I’m not sure I understand why we need a “SortedSet” distinction. If we have a OrderedSet “foo”, you can trivially sort the contents just as you can an Array “bar”, no?

I’m firmly in the Hashable camp. Both for consistency and for Erica’s point about accidental O(n). Especially with the new features coming, Hashable isn’t particularly onerous a burden and we’re already paying it for Set.

DevAndArtist · March 27, 2018, 12:31pm

Silly question because I'm confused now. Where is the difference between OrderedSet and SortedSet? For me OrderedSet would look like this

struct OrderedSet<Element> where Element : Comparable & Hashable, SetAlgebra, Hashable ... { ... }

I really miss this type in our app I'm currently working on. I have unique items that must be ordered (sorted) by their date property.
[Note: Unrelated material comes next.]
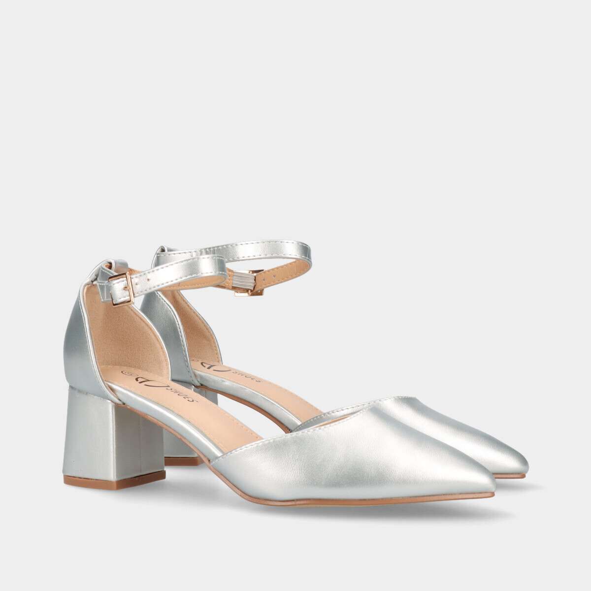 Sapato na cor prata, com fivela ajustável e salto médio.

DeFrenZ · March 27, 2018, 12:41pm

If I understood correctly:

OrderedSet has an order, in the same way that Array is ordered.
SortedSet would always keep its contents sorted according to their conformance to Comparable.

As an example

let unordered: Set = [3, 5, 1, 7]
print(unordered) // no assumptions about order.

let ordered: OrderedSet = [3, 5, 1, 7]
print(ordered) // 3, 5, 1, 7

let sorted: SortedSet = [3, 5, 1, 7]
print(sorted) // 1, 3, 5, 7